Uncategorized

How It Started…

Today’s episode, “How It Started…” is on Apple Podcasts, SpotifyOvercast, Libsyn, Pocket CastStitcher, iHeartRadio, or anywhere you listen to podcasts.

…and how it’s going now. Yep, we are talking about aging. That’s us, two ladies sandwiched between spry and feeble, oldER than we think, sometimes feeling older than we are. You know…the creaky backs, the squitchy knees (yes, SQUITCHY…it’s a Kris word), expelling a grunt as you get out of that chair…not to mention expelling other, ah, well, just other things. Forget about gracefully getting up off the floor. Do you know how hard this is as a Gen-Xer? We are the generation of latch-key kids, rebels, punk rockers, rappers, glam rockers and new wavers.
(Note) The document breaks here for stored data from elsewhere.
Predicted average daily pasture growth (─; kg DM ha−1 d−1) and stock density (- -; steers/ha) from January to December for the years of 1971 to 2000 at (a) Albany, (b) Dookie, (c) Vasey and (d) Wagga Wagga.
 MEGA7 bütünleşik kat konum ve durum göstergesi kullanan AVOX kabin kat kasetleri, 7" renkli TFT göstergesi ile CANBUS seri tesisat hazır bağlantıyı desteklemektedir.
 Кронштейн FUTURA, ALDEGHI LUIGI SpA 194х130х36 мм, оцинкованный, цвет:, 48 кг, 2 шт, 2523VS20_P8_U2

For some of us, our music heroes wore eyeliner and platform shoes and really rocked (literally) the gender-bender boundaries. We had parents who married during the emergence of civil and equal rights. For many of us our moms were some of the first working mothers and some of our dads were kind of confused about the state of the union both government and marital. We were born in the aftermath of Vietnam, sex/drugs/rock’n’roll, and parenting styles were shifting from kids-should-be-seen-and-not-heard to tough love. We came of age when punks used blood as an accessory, rock glittered, and rap told the bitter truth of the streets.
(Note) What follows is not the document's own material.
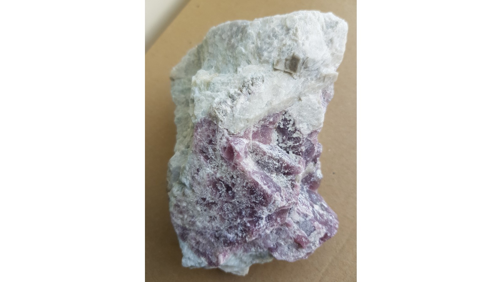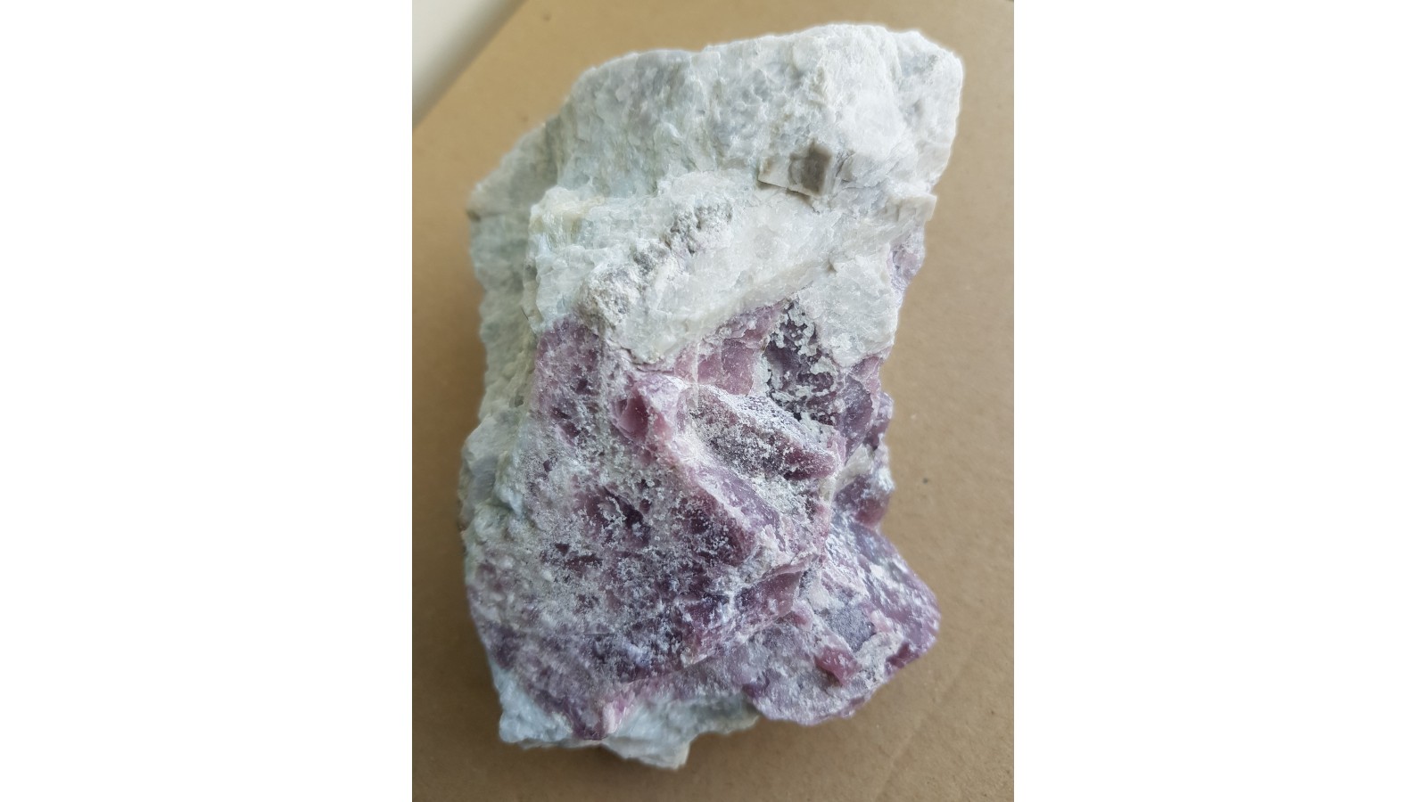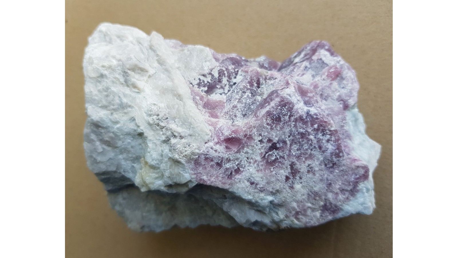 Masywna, intensywnie zabarwiona na kolor fioletowoczerwony, nieco przeświecająca odmiana lepidolitu w pegmatycie litowym z Piławy Górnej. Okaz naturalny, bez obróbki. Polecam.

Photo by Nataliya Vaitkevich on Pexels.com

We are Toys’R’Us kids who never wanted to grow up. We wanted our MTV…stayed on the phone for hours while we danced to our favorite bands and learned all the latest music and world news from VJs Martha, Alan, JJ, Nina, Mark, and Kurt. We slammed the door on disco, bell bottom jeans and rainbow suspenders as video “killed” radio. We morphed into dayglow baggy clothes/big hair, or ripped jeans/leather jackets/big hair…or jazz shoes/fedoras/big hair, or safety pins/pegged pants/docs/big hair (albeit liberty spikes). We carried our music with us in boom boxes and Sony Walkmans. We made excellent use of cardboard scraps during street dance-offs. We smoked cigarettes in the smoker’s quad at school with no fences or armed security keeping us from going to lunch at the burger joint across the street. When we played (or hung out) we went where we wanted with zero supervision and stayed out til the street lights came on (and beyond). The best place in town to hang out was at the mall…the spot to see and be seen. Bikes were ridden all over town without helmets. Beds of pickup trucks were crammed with teenagers driving to the roller skating rink, and we bounced around like monkeys in our parent’s cars without seatbelts. We grew up at the tail end of the cold war, saw the Berlin Wall come down and watched in horror as the space shuttle exploded mid-air. For those of us who miraculously survived all this, the prevalence of designer drugs became an escape for a few.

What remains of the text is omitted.